Neither of those expressions make sense as written, because the units would be inconsistent. You can see that if you plug in some arbitrary values, for example $v_o = 36\ \mathrm{km/h}$ and $t = 0.37\ \mathrm{min}$. (I deliberately chose those to use different time units.) Then your $v$ would come out to e.g.:

$$\begin{aligned} v &= 36\ \mathrm{km/h} + 1.35 \cdot 0.37\ \mathrm{min} \\ &= 36\ \mathrm{km/h} + 0.4995\ \mathrm{min} \\ &= 10\ \mathrm{m/s} + 29.97\ \mathrm{s} \\ &= \text{nonsense!} \end{aligned}$$

and there's nothing you can do to $10\ \mathrm{m/s}$ and $29.97\ \mathrm{s}$ to get them to have the same units, which means you cannot add them together and get a physically meaningful value.


The correct solution, instead, is to include the units of your acceleration $a$ (in this case $a = 1.35\ \mathrm{m/s^2}$) in the expression, like this:

$$v = v_o + (1.35\ \mathrm{m/s^2})\,t$$

Then, plugging in the rest of the values with their respective units, you'll get a dimensionally consistent expression:

$$\begin{aligned} v &= 36\ \mathrm{km/h} + (1.35\ \mathrm{m/s^2}) \cdot 0.37\ \mathrm{min} \\ &= 36\ \mathrm{km/h} + 0.4995\ (\mathrm{min \cdot m/s^2}) \\ &= 10\ \mathrm{m/s} + 29.97\ \mathrm{m/s} \\ &= 39.97\ \mathrm{m/s} \\ &≈ 40\ \mathrm{m/s} \end{aligned}$$

(Huh, I didn't actually expect it to work out so close to such a nice round number when I picked my random values.)


BTW, as others have noted, when calculating with units you should treat each unit as if it were an (unknown) multiplicative constant.

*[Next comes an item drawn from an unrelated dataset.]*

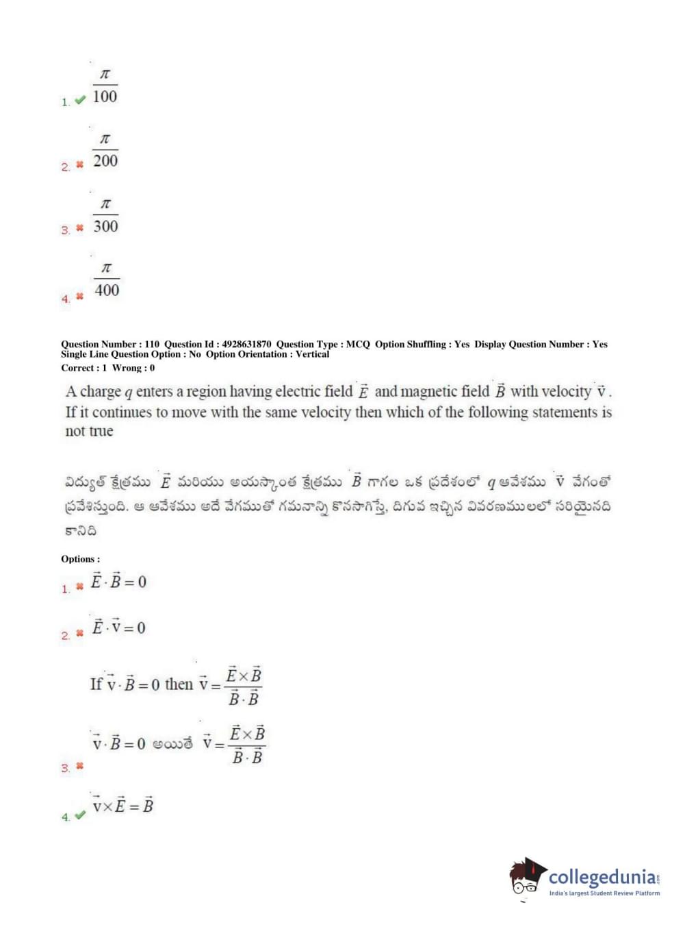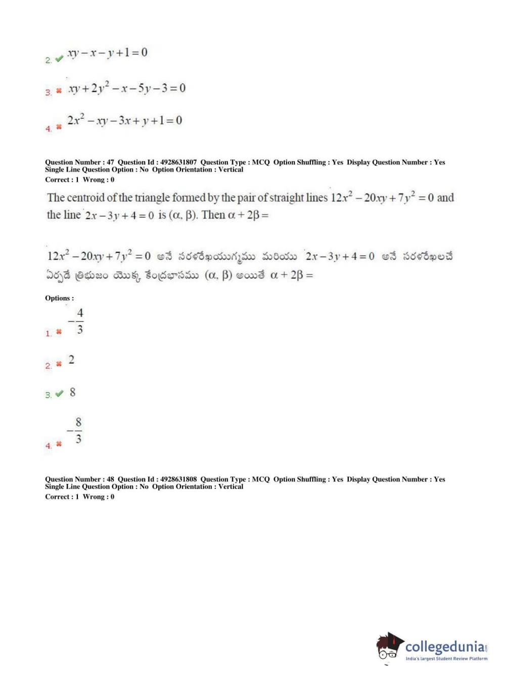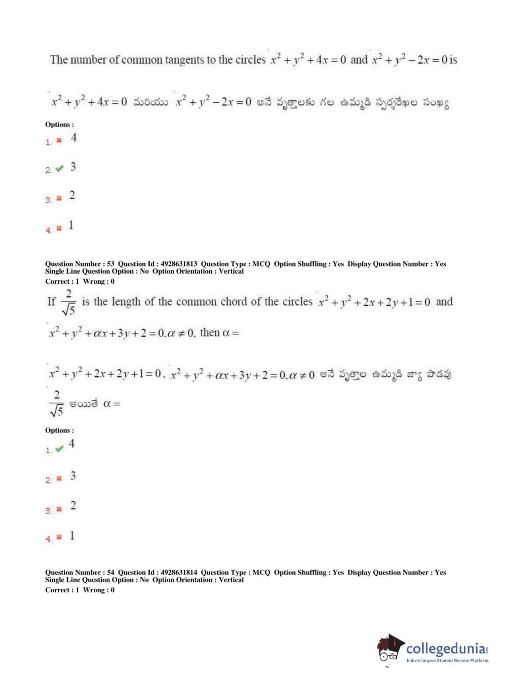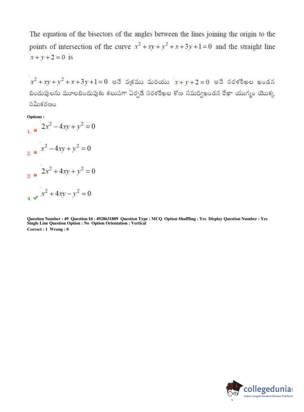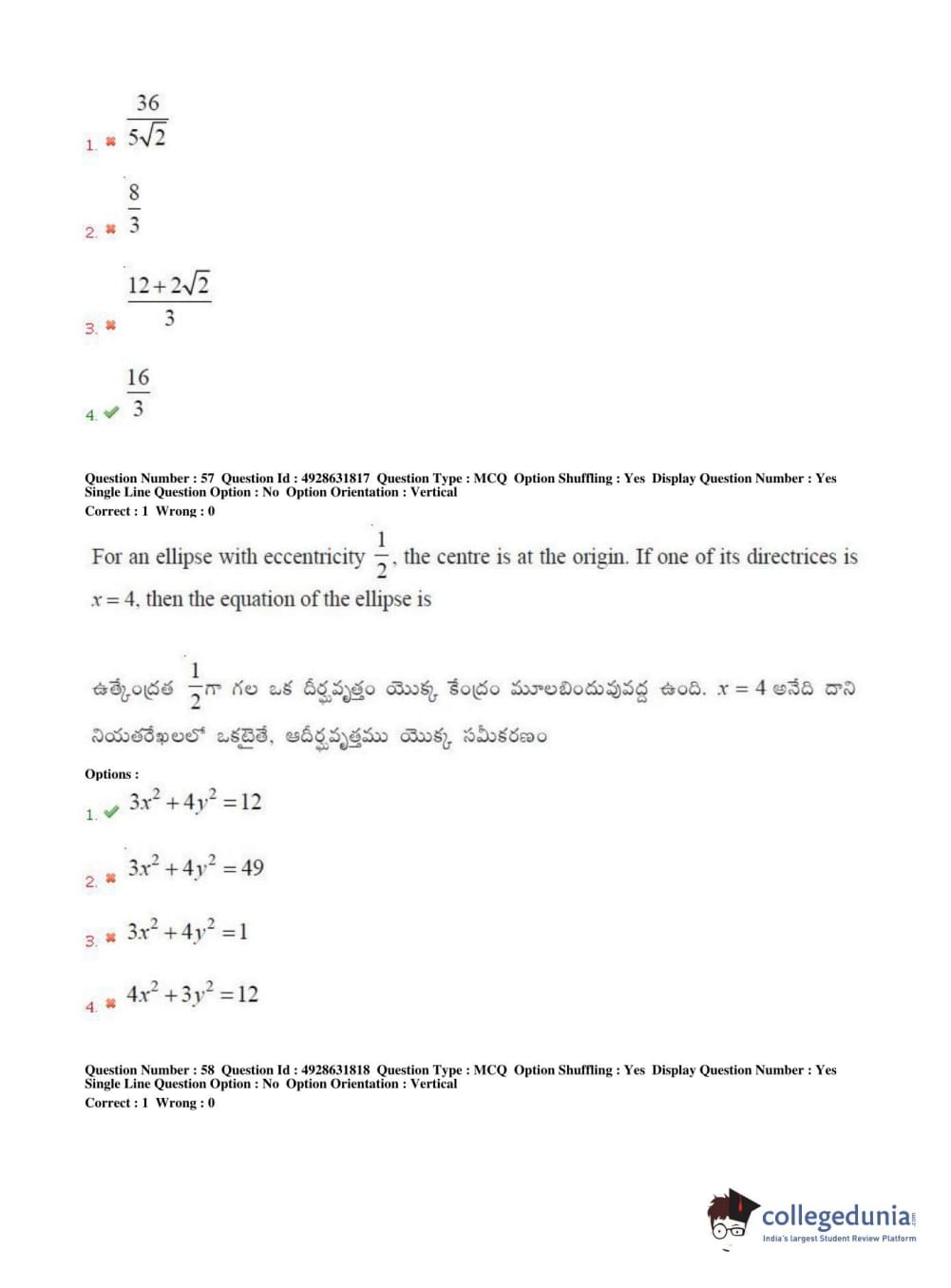 TS EAMCET 2018 Engineering Question Paper with Answer Key PDFs Afternoon Session

In other words:

$$1.35\ \mathrm{m/s^2} = 1.35 \cdot (1\ \mathrm{m}) \cdot (1/\mathrm{s^2})$$

The one case where "treating units as multiplicative constants" does not work is with "affine units" such as degrees Celsius or degrees Fahrenheit that conceal an extra additive constant in the notation. If you need to deal with those, the general solution is to convert them into the corresponding non-affine units such as Kelvins first.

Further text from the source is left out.